_Task to complete_. Transcribe all the entries word for word, omitting any pictures they contain.

_Supplied material_.
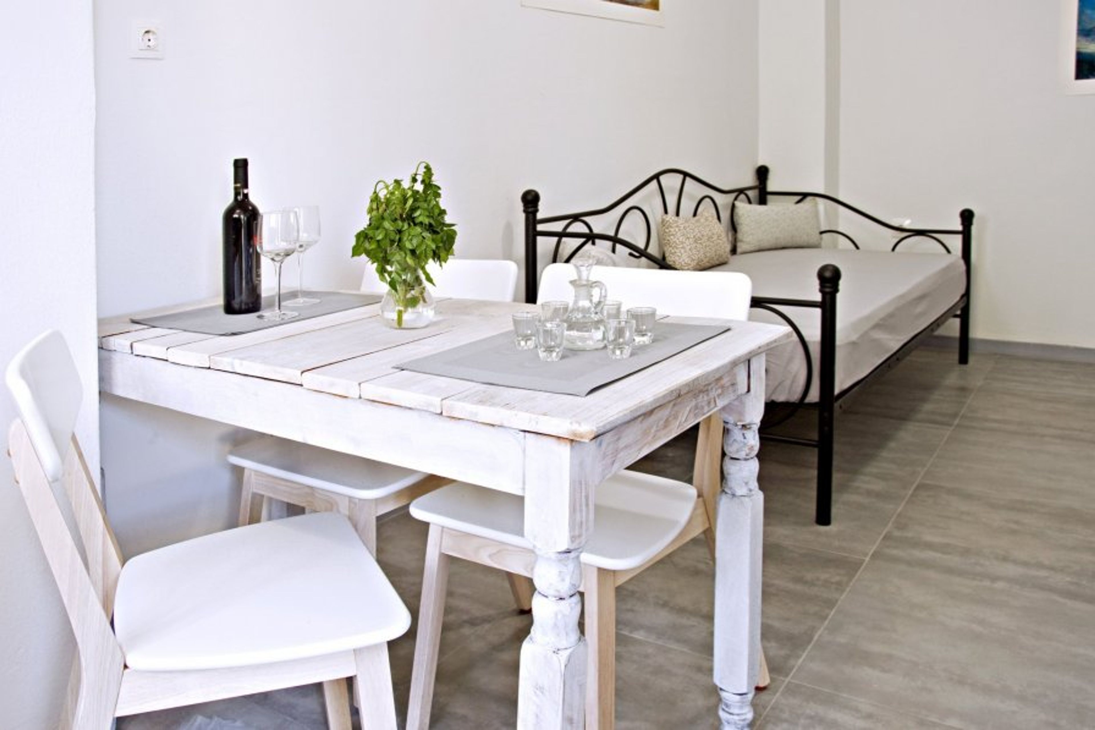 Το διαμέρισμα βρίσκεται στον πρώτο όροφο τριώροφου σπιτιού, 45 τμ με ανοιχτό χώρο, κουζίνα πλήρως εξοπλισμένη με όλα τα απαραίτητα για τη δημιουργία πρωινού, μεσημεριανού και βραδινών γευμάτων, τα οποία μπορείτε να απολαύσετε στην άνετη τραπεζαρία του.
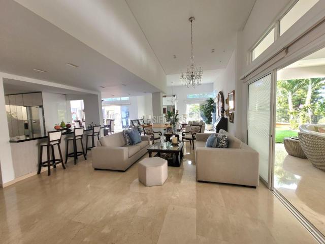 Hermosa casa totalmente moderna con amplios espacios y excelentes acabadoa, ubicada en Ciudad Jardin Primer piso Cocina americana Comedor con vista al jardín Dos salas principales Baño social Amplia terraza con vista a los jardines y zona verde Habitación auxiliar de empleada con baño Zona de ropas cubierta Amplia Bodega 3 parqueaderos cubiertos y 3 o 4 auxiliares descubiertos. Segundo piso: 4 habitaciones con baño privado Principal con amplio vestier y baño, salida a sala terraza con vista a jardines y zona verde Jacuzzi y turco Zona verde con jardín Amplia sala de tv Estudio con vista a jardines
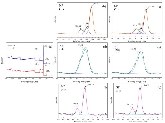 X-ray photoelectron spectroscope (XPS) (a) fully-scanned spectra; C 1s spectra of (b) NP and (c) SP; O 1s spectra of (d) NP and (e) SP; and N 1s spectra of (f) NP and (g) SP.
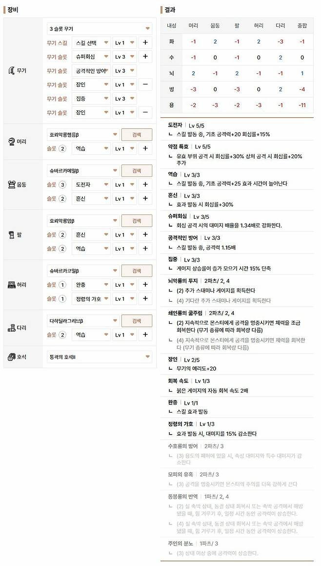 공격적인 방어와 집중, 그리고 슈퍼회심은 아티어 무기를 사용할 때 장신구 슬롯에 들어가는 하나의 세트로 자리한 모습이다. 초심주3. 수세-장인주, 집중-장인주를 통해 예리도까지 가져가는 것이 포인트. 공격적인 방어는 가드를 통해 딜 상승을, 집중은 모으기 시간 단축 효과를 가진 스킬로 대검과 잘 어울린다.
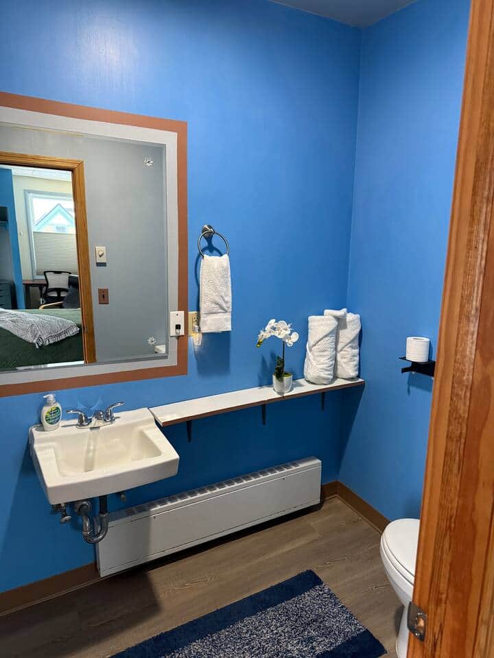 This space is 1 room with King bed and private en-suite bathroom. Featuring a 65" Smart Roku TV, retro inspired mini frig and micro, state of the art sit/stand desk w/high speed WiFi and Ethernet connection, and Keurig coffee maker. Large windows for natural light with top/bottom black out blinds. Individual digital room heat control and remote control lighting. Full service Cafe on 1st floor offering room service or sit down.
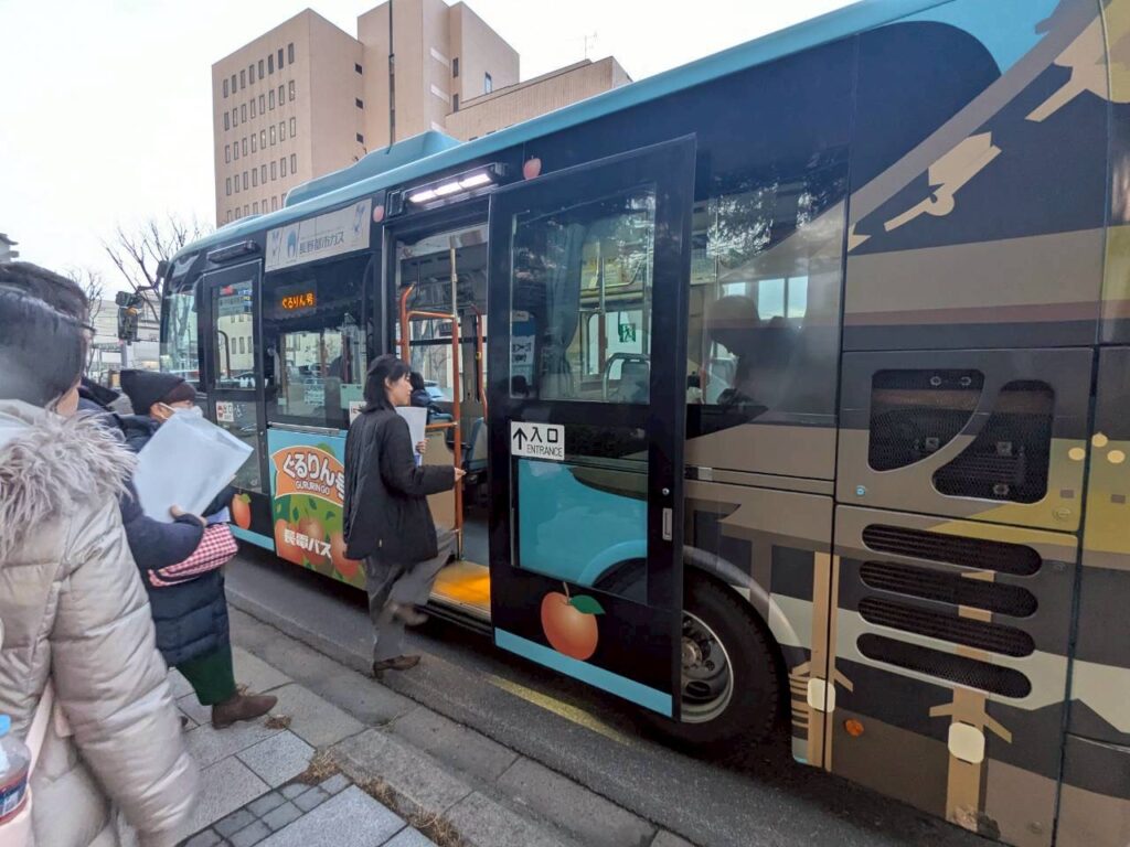 (↑長野市が運行する市内循環型のコミュニティバス「ぐるりん号」で移動)
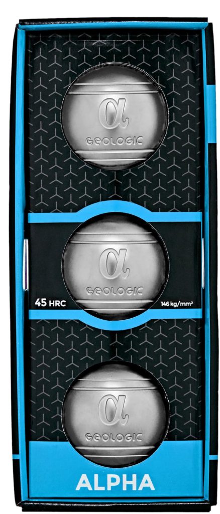 ALPHA balls from GEOLOGIC are suitable for athletes starting their journey in petanque. They are presented in a smooth and corrugated version with a diameter of 72 mm and a weight of 690 g. They are solid, the density index is 45 HRC (146 kg / mm2). Due to this, it is resistant to impacts and rebounds more strongly in a collision. Each projectile is engraved with the brand name. The balls are made of carbon steel, which requires regular maintenance - wiping with oiled rags. The set is packed in a cardboard box.
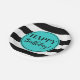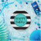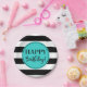 Happy Geburtstag Party Teller in türkisfarben schwarz-weiß Streifen Muster.

_Response to this task_.
 Το διαμέρισμα βρίσκεται στον πρώτο όροφο τριώροφου σπιτιού, 45 τμ με ανοιχτό χώρο, κουζίνα πλήρως εξοπλισμένη με όλα τα απαραίτητα για τη δημιουργία πρωινού, μεσημεριανού και βραδινών γευμάτων, τα οποία μπορείτε να απολαύσετε στην άνετη τραπεζαρία του.
 Hermosa casa totalmente moderna con amplios espacios y excelentes acabadoa, ubicada en Ciudad Jardin Primer piso Cocina americana Comedor con vista al jardín Dos salas principales Baño social Amplia terraza con vista a los jardines y zona verde Habitación auxiliar de empleada con baño Zona de ropas cubierta Amplia Bodega 3 parqueaderos cubiertos y 3 o 4 auxiliares descubiertos. Segundo piso: 4 habitaciones con baño privado Principal con amplio vestier y baño, salida a sala terraza con vista a jardines y zona verde Jacuzzi y turco Zona verde con jardín Amplia sala de tv Estudio con vista a jardines
 X-ray photoelectron spectroscope (XPS) (a) fully-scanned spectra; C 1s spectra of (b) NP and (c) SP; O 1s spectra of (d) NP and (e) SP; and N 1s spectra of (f) NP and (g) SP.
 공격적인 방어와 집중, 그리고 슈퍼회심은 아티어 무기를 사용할 때 장신구 슬롯에 들어가는 하나의 세트로 자리한 모습이다. 초심주3. 수세-장인주, 집중-장인주를 통해 예리도까지 가져가는 것이 포인트. 공격적인 방어는 가드를 통해 딜 상승을, 집중은 모으기 시간 단축 효과를 가진 스킬로 대검과 잘 어울린다.
 This space is 1 room with King bed and private en-suite bathroom. Featuring a 65" Smart Roku TV, retro inspired mini frig and micro, state of the art sit/stand desk w/high speed WiFi and Ethernet connection, and Keurig coffee maker. Large windows for natural light with top/bottom black out blinds. Individual digital room heat control and remote control lighting. Full service Cafe on 1st floor offering room service or sit down.
 (↑長野市が運行する市内循環型のコミュニティバス「ぐるりん号」で移動)
 ALPHA balls from GEOLOGIC are suitable for athletes starting their journey in petanque. They are presented in a smooth and corrugated version with a diameter of 72 mm and a weight of 690 g. They are solid, the density index is 45 HRC (146 kg / mm2). Due to this, it is resistant to impacts and rebounds more strongly in a collision. Each projectile is engraved with the brand name. The balls are made of carbon steel, which requires regular maintenance - wiping with oiled rags. The set is packed in a cardboard box.
 Happy Geburtstag Party Teller in türkisfarben schwarz-weiß Streifen Muster.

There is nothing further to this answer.